Ivy Feb 13, 2020 No Comments
So far we have posted several articles about Data Science, about technologies like R, Python, Tableau and Power BI, Data Science competitions, the top Data Science influencers on Twitter and many more. The ones who are actively pursuing this field will know that Data Science has spread its wings across all the industries. Various amazing use cases have been implemented over the years starting from the Finance industry to e-commerce. In this article, we are going to talk about several prominent Data Science use cases applied in various industries like finance, healthcare, Insurance, etc.
The moment we read the word fraud, we immediately relate it to monetary fraud. As a matter of fact, the Banking, Finance and Insurance sector is mired with fraudulent incidences. Cases of fraud can result in huge financial losses to banks. This also hits the customer’s trust in the bank related to the safety of their money. Many times fraudulent claims are made by customers to gain insurance money. This is a global menace.
The rise of Data Science has come to rescue for these industries from losses. Machine Learning and Deep Learning are being utilized to predict and detect potential fraud. The use cases like predicting loan defaulters, identifying credit card defaulters, fraudulent activities in insurance, etc are a few examples where these industries are able to utilize Data Science. Some real-time implementation examples can be found here.
It is a very common utility these days. Siri, Cortana, Alexa, etc. are being used as virtual assistants globally. It does help the user to some extent with its day to day simple usage on devices and gadgets by interacting with them. But that’s not it. The real power of virtual assistants is unleashed for the healthcare industry.
AI-Powered mobile apps can be used for basic health support. A patient can simply mention his/her symptoms and get relevant answers from a wide collection of patient data. Also, these assistants can provide 24/7 patient monitoring which can prove beneficial with an exploding senior population. Detailed usage of virtual assistants can be found here.
Image recognition is a powerful use case. It is now being used in various industries like gaming, retail, automobile industry, social media, security, etc. The implementation of this technology in social media needs no elaboration. Image recognition is widely put to use for security purposes. Netatmo is a smart indoor camera that starts recording when it detects an unknown face. Another use case is pet monitoring. Facial recognition is also seeing a rising usage related to security concerns at airports. Many countries are using satellite imaging for crop monitoring to inspect agricultural areas more quickly.

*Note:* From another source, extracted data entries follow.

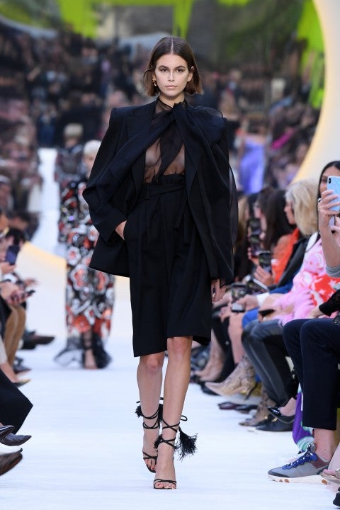 She's back in black! Gerber donned a playful LBD on the Valentino runway on Oct. 1.
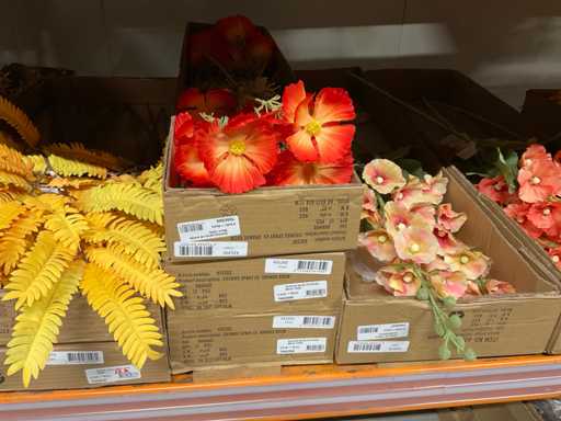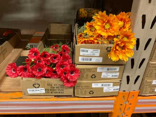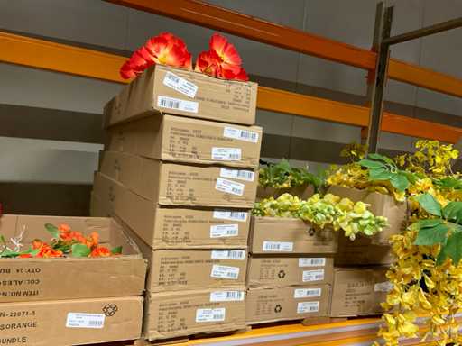 Contents of the pallet racking section Consisting of various artificial flowers Rack not included
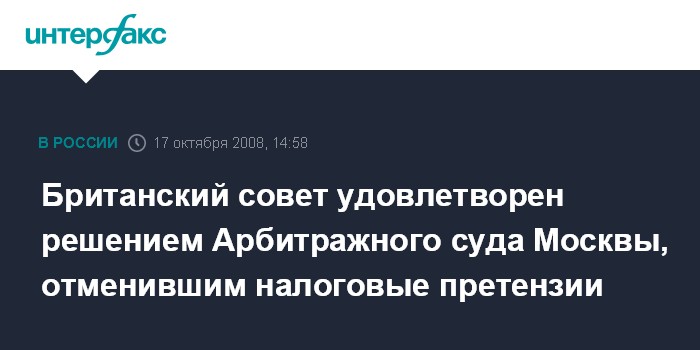 Москва. 17 октября. INTERFAX.RU - Британский совет выразил удовлетворение решением Арбитражного суда Москвы, который признал недействительной основную часть налоговых претензий к этой организации.
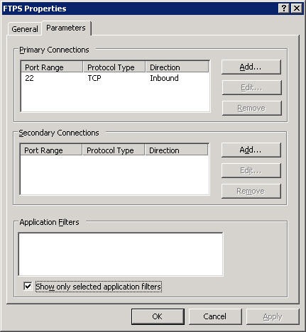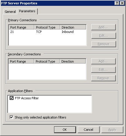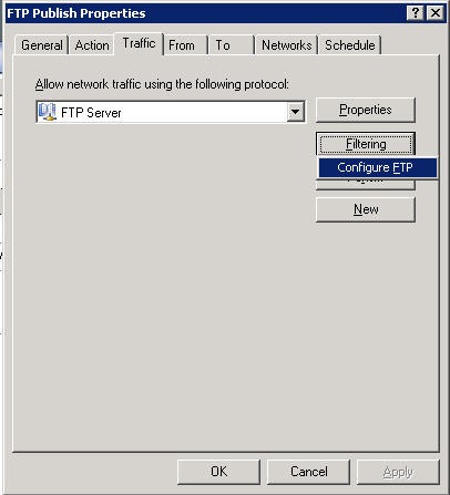 Once you install EFT Server, you need to configure a few things using the Wizard. You can use EFT Server as SFTP & FTP, ports 22 & 21 respectively. In ISA 2006, there are a couple of things to keep in mind, The FTP Access Filter which is enabled by default won’t work with SFTP because the connection is encrypted and ISA won’t be able to access it. The other thing is you need to do is edit the filter of the FTP Server protocol and disable Read Only.
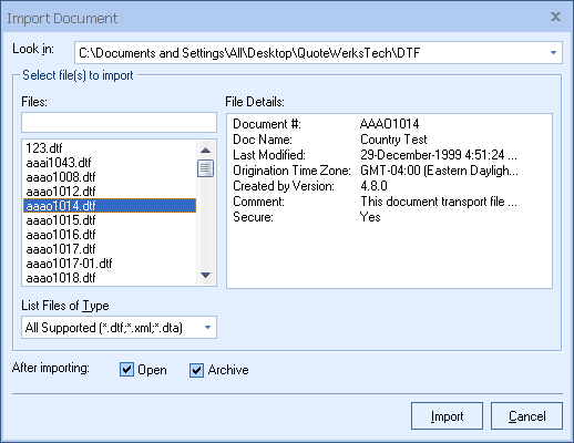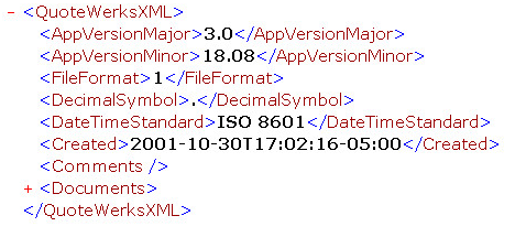 QuoteWerks can import Documents (quotes, orders, invoices) from an XML formatted document into QuoteWerks as a quote/order/invoice.  An XML formatted document is a newer industry standard for storing text data. In essence, it is more robust and extendable than the industry standard flat delimited text file format. Many web applications and software products can export data out as XML formatted files.

Additionally, the automobile industry working on autonomous cars is utilizing the image/object recognition technology to make driving safer by finding ways to reduce accidents, following traffic rules, etc. Another important use case implementation is in the healthcare industry. Using computer vision technology, x-ray reports, and other reports can be scanned and health issues can be identified with considerable accuracy. Real-time facial recognition is used to identify the emotions of admitted patients to understand how they are reacting to the treatment. There are a lot of other industries putting the use of this technology which can be read here.
Every industry is affected by the market fluctuations which happens due to various reasons. Prices of products and commodities are affected accordingly. It becomes prerogative for the manufacturers, retailers, and others to somehow analyze the market trends so that they can price their products efficiently.

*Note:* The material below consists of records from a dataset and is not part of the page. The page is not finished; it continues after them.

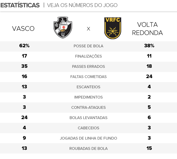 Contrariado com a derrota por 1 a 0 para o Volta Redonda na tarde desse domingo, em São Januário, o técnico Gaúcho disse que não tinha explicações para o mau resultado. Ao observar as estatísticas, no entanto, é fácil identificar que a baixa eficiência geral e o número de erros de passe decretaram a estreia com pé esquerdo na Taça Rio. Eder Luis falhou em quase um terço das tentativas (11 em 35) e liderou o quesito. Nos noventa minutos, foram 35 diante de apenas 18 do adversário.
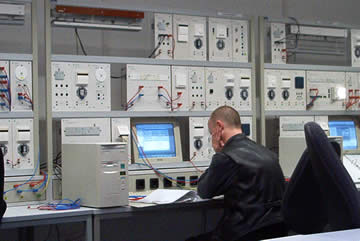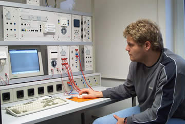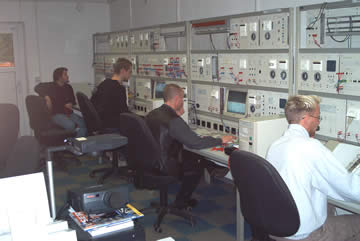 | Hier stellt Niebi jene schicksalhafte Bewegung dar, die zum wohl verheerendsten Kurzschluß in der Geschichte des EBZ führte! | "Houston wir haben ein Problem!" - Nein wir sind nicht im Nasa-Kontrollzentrum, sondern in der EIB-Ausbildungswerkstatt des EBZ! |
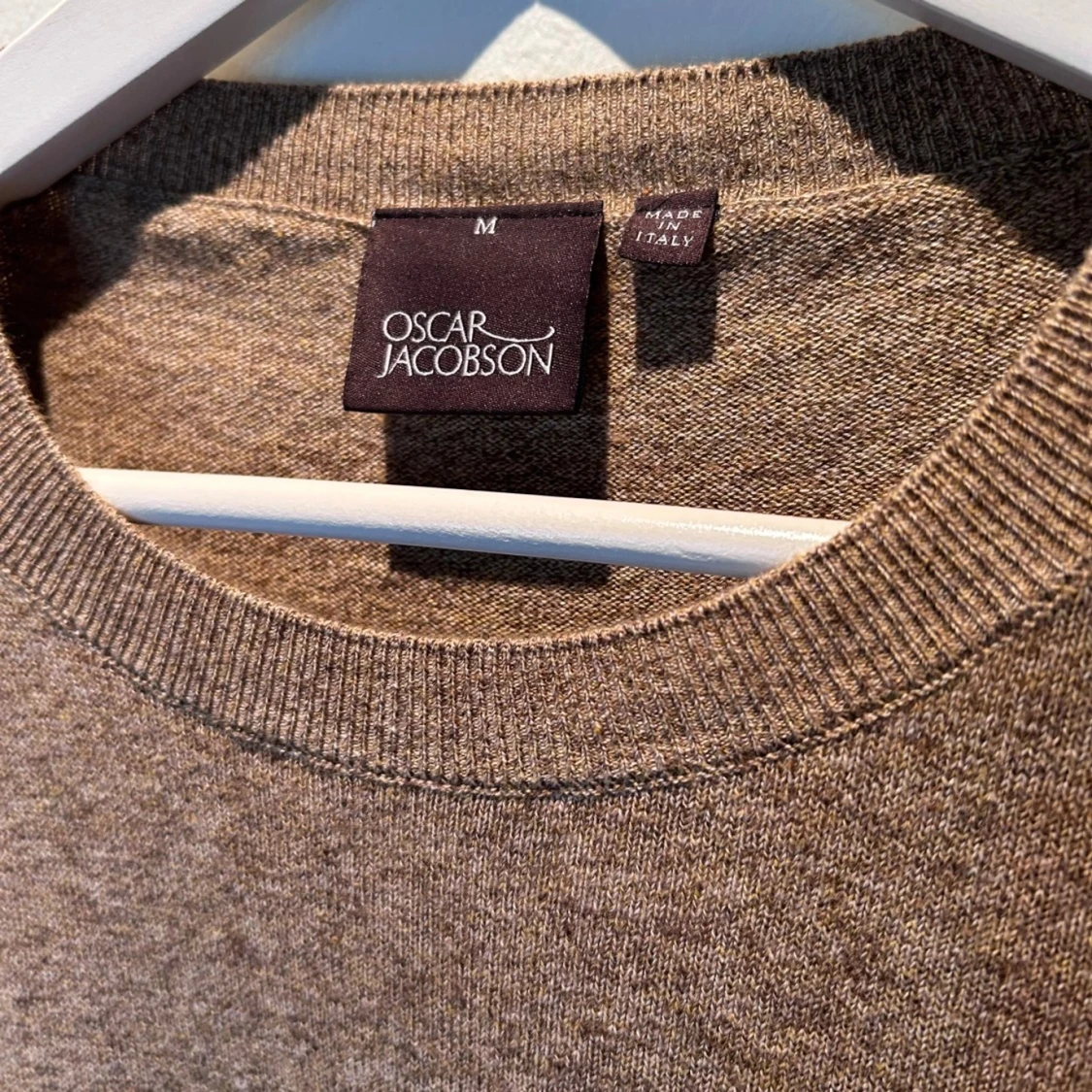 Säljer en stilren och bekväm beige tröja från Oscar Jacobson i storlek M. Perfekt för både höst och vinter. Köpt i butik för 1200kr. Sparsamt använd då den inte riktigt passa. Inga defekter.

The e-commerce giants are using Machine Learning algorithms to analyze several factors at once to generate optimized prices for their products. They even change the price value of a product several times a day. On the contrary, it can also be analyzed how the sale of a particular product can get affected if the price is varied. When the price optimization is done efficiently, it leads to increased customer loyalty as well.
Many industries like Banking, Insurance, Retail, e-commerce all need to know the life of their customers for doing efficient business. They all use Predictive Analytics using Machine Learning algorithms to solve this problem.
All the customer’s data right from the first transaction with the company to the most recent one, including all the good and bad experiences and feedbacks a customer has provided is analyzed to find customer’s life expectancy. This gives them an edge in making better plans to ensure the customers are retained and the life expectancy value is increased.
These are some highly used Data Science implementations in multiple industries. Furthermore, Data Science is massively used to solve climate change issues, food crisis, water scarcity, making life easy for mankind as well. There are various competition portals like Kaggle where contests are posted to find a solution to some real-time problems.
Last year Kaggle had a contest that wanted to improve the lives of pets by adoption prediction. Having said that, it will be interesting to see what all new use cases are developed and implemented this year.